RESULTS: Matched cohorts (903 pairs total; 523 pairs with complete cost data) were balanced in baseline characteristics with mean HbA1c 8.6%, mean age 54 years. At 1 year postindex, dulaglutide patients had significantly greater reduction in HbA1c than basal insulin (-1.12% vs -0.51%, p<0.01), lower medical costs ($3753 vs $7604, p<0.01), higher pharmacy costs ($9809 vs $6175, p<0.01), and similar total costs ($13 562 vs $13 779, p=0.76). Medical and total costs per 1% HbA1c reduction were lower for dulaglutide than basal insulin (medical: $3128 vs $12 673, p<0.01; total: $11 302 vs $22 965, p<0.01), while pharmacy costs per 1% HbA1c reduction were lower without reaching statistical significance ($8174 vs $10 292, p=0.15).
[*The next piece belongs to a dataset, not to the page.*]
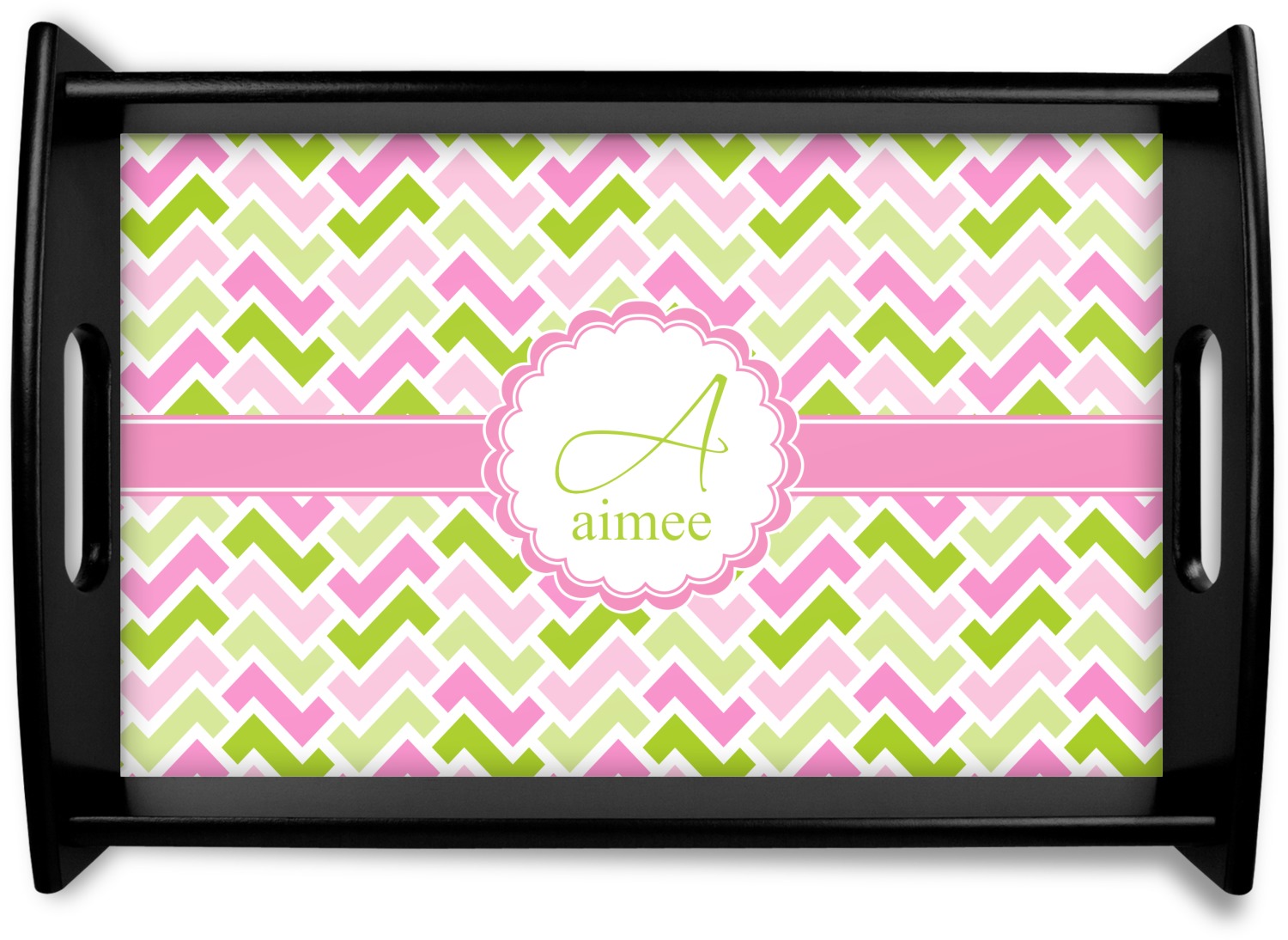 This serving tray with handles features square edges and two rounded sides, creating a very modern look. Each side is fabricated from a beautifully cut, natural wood. The bottom of the interior of the tray displays your customized design in bright, vibrant color. The tray is sold in both a black color and a natural wood look. Each variation of the wood serving tray has two sizes: Small, which is 14" x 10" x 2.25", and Large, which is 19.5" x 13.5" x 2.75".
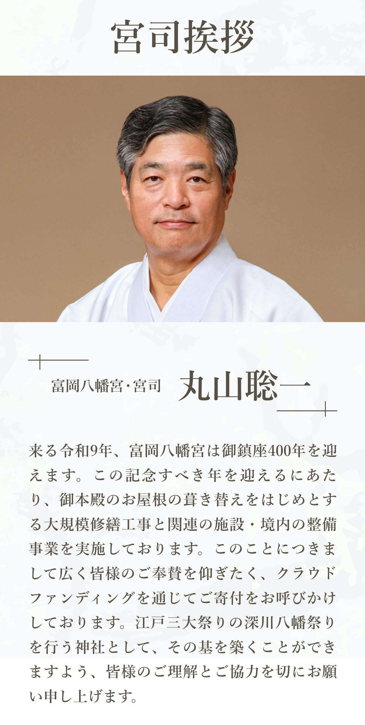 400年という長い歳月に支えられてきた富岡八幡宮の歩みに思いを馳せながら、これからの百年を、皆様と共に築き上げていきたいと願っております。この改修事業を通じて「神社を守る」ということが、「文化や人のつながりを未来へ残すこと」そのものであると感じていただけたら幸いです。

CONCLUSIONS: In this real-world study, patients with T2D initiating dulaglutide demonstrated greater HbA1c reduction compared with those initiating basal insulin. Although total diabetes-related costs were similar, the total diabetes-related costs per HbA1c reduction were lower for dulaglutide, highlighting the importance of evaluating effectiveness along with the economic impact of medications.